Solid-state kinetics: Single-model simulation through optimization.

This is a quick note on how to do single-model simulations with solid-state kinetic models using Python. Isothermal simulation is done rearranging the isothermal rate law, the non-isothermal case is solved using an optimization method with scipy's optimize submodule (Levenberg-Mardquart). The Avrami-Erofeev A2 kinetic model will be used for both simulations, setting $E_{a} = 100 kJ/mol$ and $A = 10^{13} min^{-1}$.
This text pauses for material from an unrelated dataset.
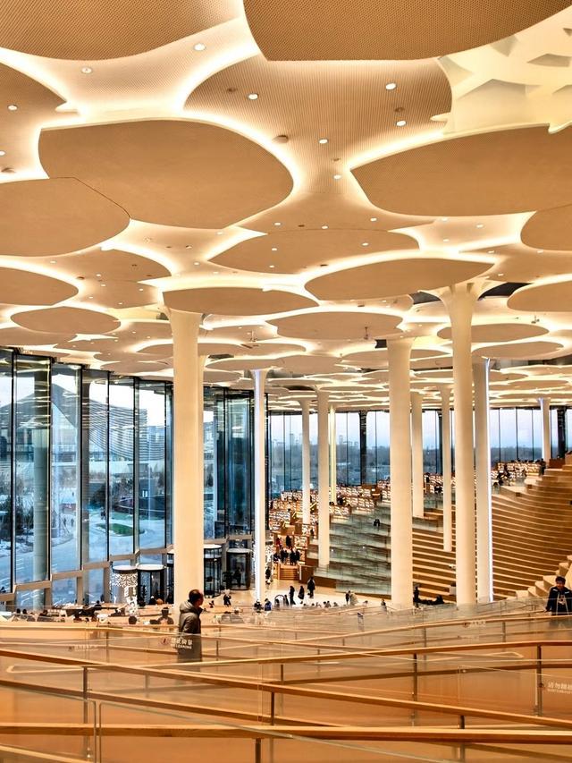 · 推荐理由:这里不是传统意义的图书馆,室内用144棵“银杏树”和“书山”营造出“临山间、于树下”的阅读意境,空间感极强,光是坐着就觉得很治愈。适合想静下心来看书或单纯想找个漂亮地方待着的朋友。

We first do all required imports and define our kinetic triplet (model, A, E):


In [31]:
from __future__ import division
import time
import functools
import numpy as np
import matplotlib.pyplot as plt
from scipy.optimize import leastsq
from scipy.constants import R

E = 100 * 1000 # kJ/mol
A = 10**13     # min ** -1

def iA2(a):
    """Integral form of Avrami-Erofeev model (n=2)"""
    return (-np.log(1-a))**(1/2)

Isothermal simulation.

The integral isothermal rate law is expressed as:

$$ \begin{align*} g(\alpha) = A e ^ {-\frac{E_{a}}{RT}} t \\ \end{align*} $$

which can be rearranged as:

$$ \begin{align*} t = \frac{g(\alpha)}{A e ^ {-\frac{E_{a}}{RT}}} \end{align*} $$

Accordingly, we can get the time associated with each $\alpha$ value by setting a model $g(\alpha)$ and kinetic parameters $E_{a}$ and $A$ as constants.


In [32]:
alphas = np.arange(0.01, 1, 0.01) # Transformed fraction, numbers between 0 and 1
temps = [340, 345, 350, 355, 360] # Simulated temperatures, in Kelvins
times = []

for T in temps:
    curve = iA2(alphas) / A * np.exp(E/(R*T))
    times.append(curve)

plots = [plt.plot(t, alpha)[0] for t in times]
plt.title('Simulated Isothermal Reaction')
plt.xlabel('Time (min)')
plt.ylabel('Transformed Fraction')
plt.legend(plots, map(str, temps), loc='lower right')


Out[32]:
<matplotlib.legend.Legend at 0x5936e90>

Non-isothermal simulation.

As presented on this paper by Kwawam & Flanagan, non-isothermal data can be simulated with an optimization method by calculating the temperature (T) for transformed fraction values ($\alpha$) according to:

$$ \begin{align*} \psi = \mid {g(\alpha) \frac{\beta R}{A E_{a}} - p(x)} \mid \end{align*} $$

where A, E, $g(\alpha)$ are fixed constants, the heating rate $\beta$ changes with every curve, and the exponential integral p(x)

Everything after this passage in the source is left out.